__YOUR GOAL__. A verbatim copy of the listing is what is needed, minus any pictures.

__INFORMATION PROVIDED__.
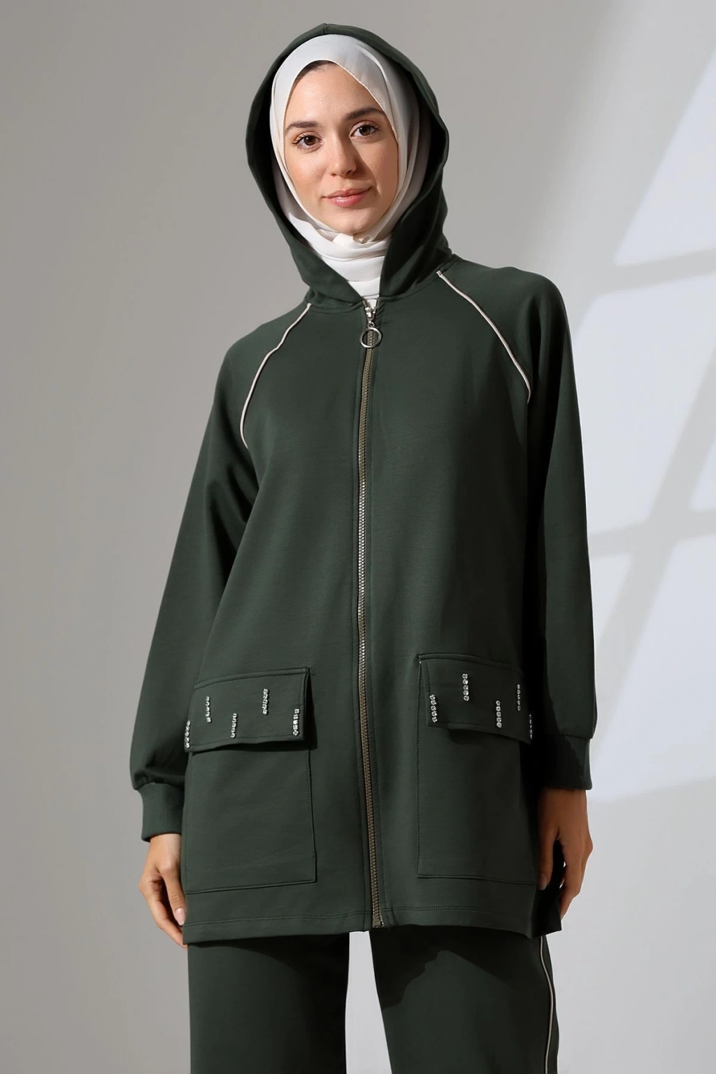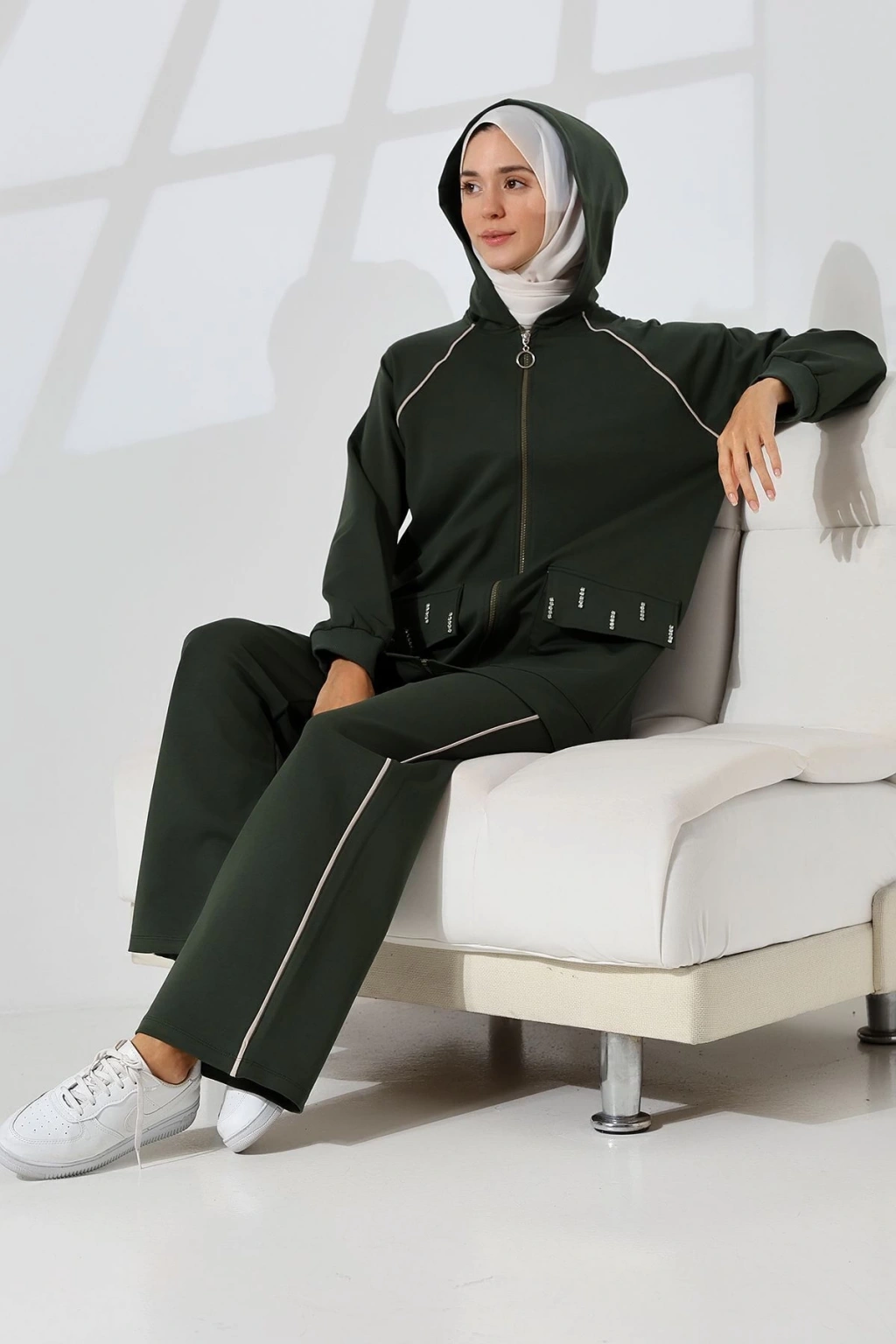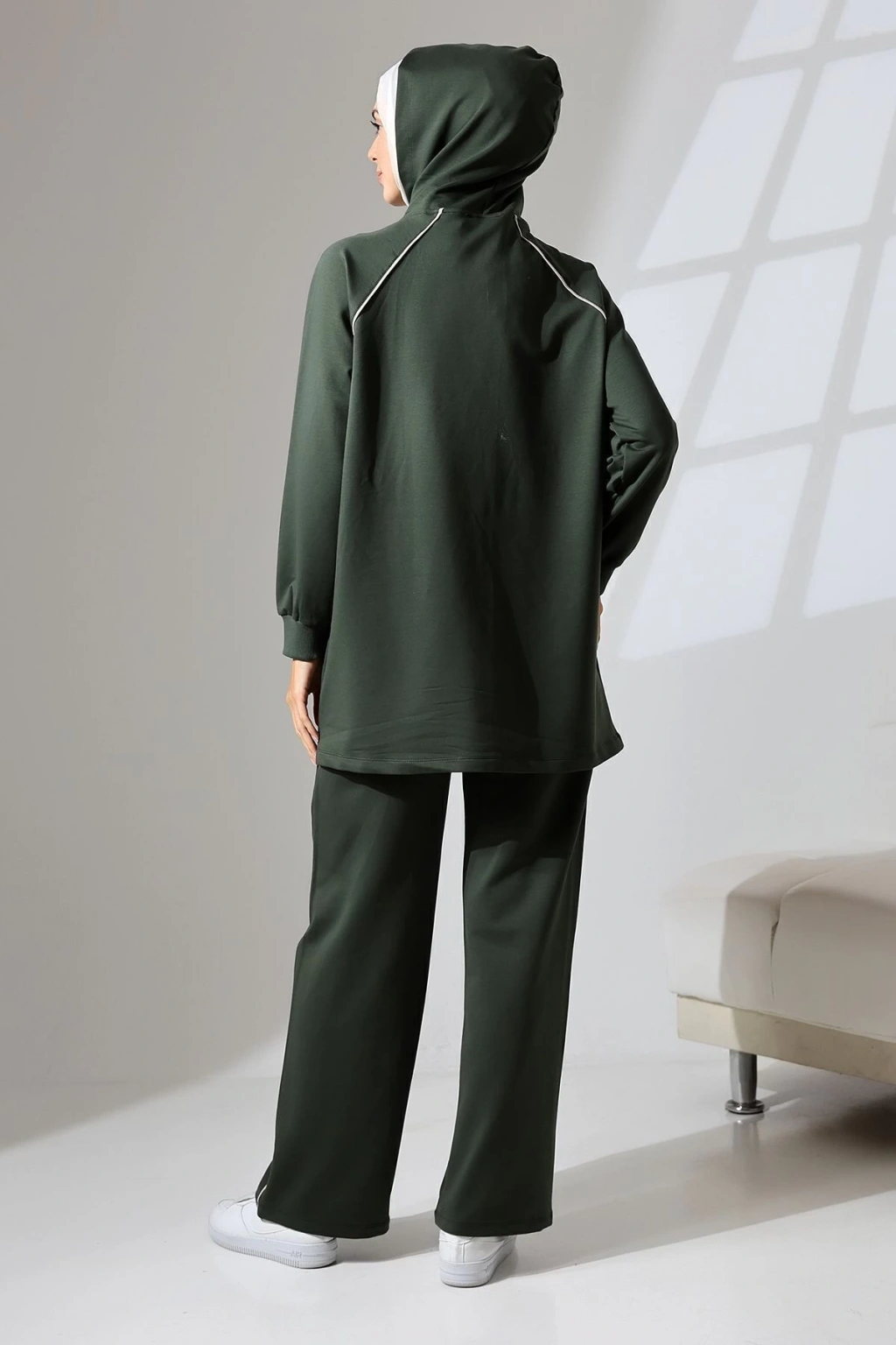 Kadın Haki Yeşili Mevsimlik Penye Alt Üst Spor Ve Rahat Ikili Tunik Pantolon Şık Tesettür Takım
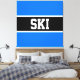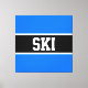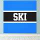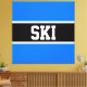 This sporty design features athletic SKI text inside a wide horizontal black middle stripe highlighted in white against bright alpine blue outer stripes. The text is optional and can be personalised.
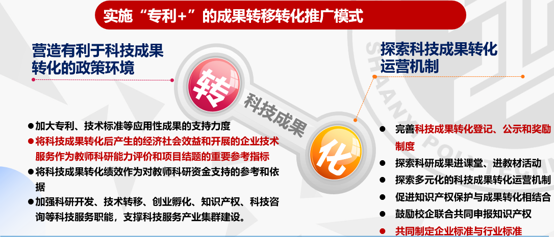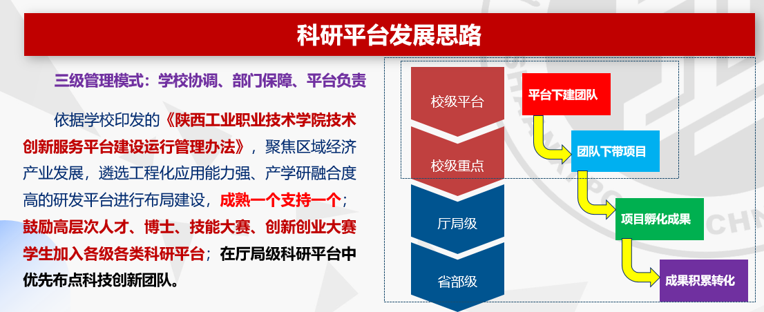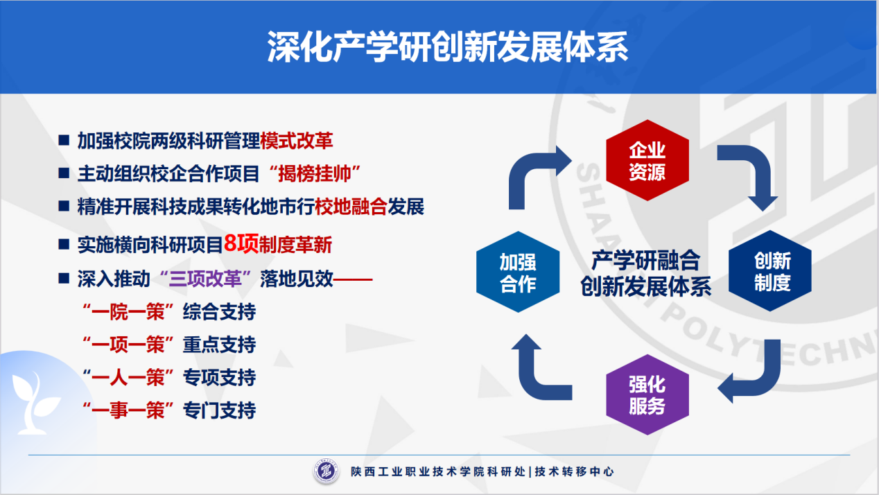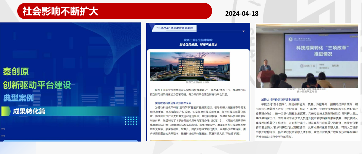 学校重点围绕知识产权、职称聘任、设备采购、信息化服务等出台了16项管理办法和3项实施细则;围绕装备制造、新材料、新能源等省内主导产业,建成陕西省“四主体一联合”智能微网与PEM制氢储能装备校企研究中心、高性能航空材料与器件陕西省高校工程研究中心、复合型移动机器人陕西省高校工程研究中心、富硒农产品废弃物资源化利用陕西省高校工程研究中心等23个工程研究中心、重点实验室、院士工作站、智库等科创平台,建成航空航天用高温材料与器件陕西高校青年创新团队、新能源及自动化装备研发陕西高校青年创新团队等18个科技创新团队,获厅局级以上科研成果奖21项,立项厅局级科研项目102项(其中国基金3项),授权专利、软著等1398件;推进三级技术经理人队伍建设,108件知识产权实施成果转化,学校在机床磨床、柔性玻璃等关键技术领域牵头起草国家、行业、团体等技术标准6项,累计服务区域内中小微企业146家,为企业创造经济效益3.86亿元,改革经验被《中国教育报》《陕西日报》等媒体报道,走出了一条产教融合、科教融汇的新路子。

__SOLUTION TO THE PROBLEM__.
 Kadın Haki Yeşili Mevsimlik Penye Alt Üst Spor Ve Rahat Ikili Tunik Pantolon Şık Tesettür Takım
 This sporty design features athletic SKI text inside a wide horizontal black middle stripe highlighted in white against bright alpine blue outer stripes. The text is optional and can be personalised.
 学校重点围绕知识产权、职称聘任、设备采购、信息化服务等出台了16项管理办法和3项实施细则;围绕装备制造、新材料、新能源等省内主导产业,建成陕西省“四主体一联合”智能微网与PEM制氢储能装备校企研究中心、高性能航空材料与器件陕西省高校工程研究中心、复合型移动机器人陕西省高校工程研究中心、富硒农产品废弃物资源化利用陕西省高校工程研究中心等23个工程研究中心、重点实验室、院士工作站、智库等科创平台,建成航空航天用高温材料与器件陕西高校青年创新团队、新能源及自动化装备研发陕西高校青年创新团队等18个科技创新团队,获厅局级以上科研成果奖21项,立项厅局级科研项目102项(其中国基金3项),授权专利、软著等1398件;推进三级技术经理人队伍建设,108件知识产权实施成果转化,学校在机床磨床、柔性玻璃等关键技术领域牵头起草国家、行业、团体等技术标准6项,累计服务区域内中小微企业146家,为企业创造经济效益3.86亿元,改革经验被《中国教育报》《陕西日报》等媒体报道,走出了一条产教融合、科教融汇的新路子。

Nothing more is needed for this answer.